What’s the skinny on miracle drugs?

February 29, 2024
Ross Yammin, Business Development, Distribution and Global Research Analyst at Laurium Capital UK

During the last 18 months, global equity markets have been abuzz with the term ‘GLP-1’. The ‘miracle drugs’ have affected various industries and the debate between the drugs’ current high cost and longer-term benefit is one which continues to rage on in board rooms and around dining room tables all over the globe. So, what exactly is a GLP-1? And is this money-making opportunity worth all the fuss?

GLP-1 stands for Glucagon Like Peptide-1, a hormone that the human body releases after an individual eats food. The drugs mimic the effects of this hormone, thereby giving an individual the feeling of being full. Initially, the drugs were developed to treat diabetes, and what drug producers noticed in testing with their diabetes patients is that they were losing weight, and a lot of it. It didn’t take long for the drugs to be tested and clinically approved for the treatment of obesity, and suddenly the Western world had a medicinal treatment for its overweight population (it is estimated that more than 40% of the US population is obese). These developments really got the market excited as the pharmaceutical majors who make GLP-1’s had an enormous addressable market to treat and saw their share prices soar as a result. Novo Nordisk, the Danish drugmaker who makes GLP-1 Ozempic, eclipsed luxury goods stalwart LVMH to become Europe’s most valuable company and Eli Lilly, the diabetes leader in the US, soon had a market capitalisation of over half a trillion dollars.

But it isn’t all positive for the drugmakers, who have a major hurdle to overcome if they are to see their share prices extend their already impressive gains. The major obstacle is price, with list prices in the US standing at around $1,000 per month for the GLP-1s produced by Novo Nordisk and Eli Lilly. To address this, pharmaceutical majors need insurers to come to the party. They are trying to force them to do so by proving that a thinner population is a healthier one, and that overall, the drugs will be a net saver for the European and American economies as they will have a healthier and therefore more productive population. Novo Nordisk showed towards the back end of 2023 that their drugs reduce the risk of an overweight individual having a heart attack or stroke and tests are on the way attempting to prove the drug’s efficacy in other disease areas, such as fatty liver disease and sleep apnea.

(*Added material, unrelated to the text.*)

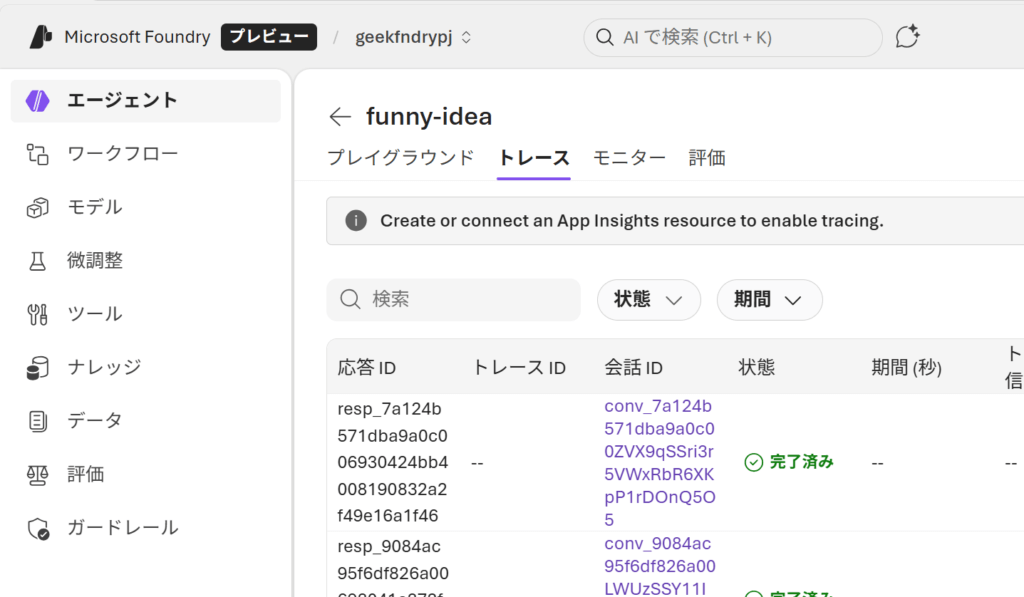 Microsoft Foundry には組み込みの実行ログのモニター機能があります。トレースタブを選択すると実行の一覧を確認することができます。
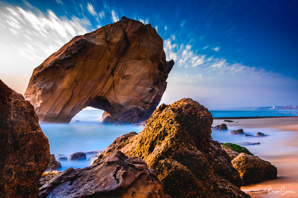 On a beautiful summer evening, the sun set in perfect position through the rock arch at Bridgewater Bay.

This tussle between insurers and drug producers is one of the key catalysts for Lilly and Novo alike, as if they can make the drugs affordable for end users, it will go a long way towards them achieving their goals and meeting the market’s lofty profitability expectations.

In our view, the hype around GLP-1s certainly is worth all the fuss, and we believe the opportunity that exists for Novo Nordisk and Eli Lilly is compelling, and one we want to be involved in. Laurium Capital holds positions in Novo Nordisk in its global mandates and some of its multi-asset funds. Should you wish to learn more about the companies’ funds, please visit www.lauriumcapital.com.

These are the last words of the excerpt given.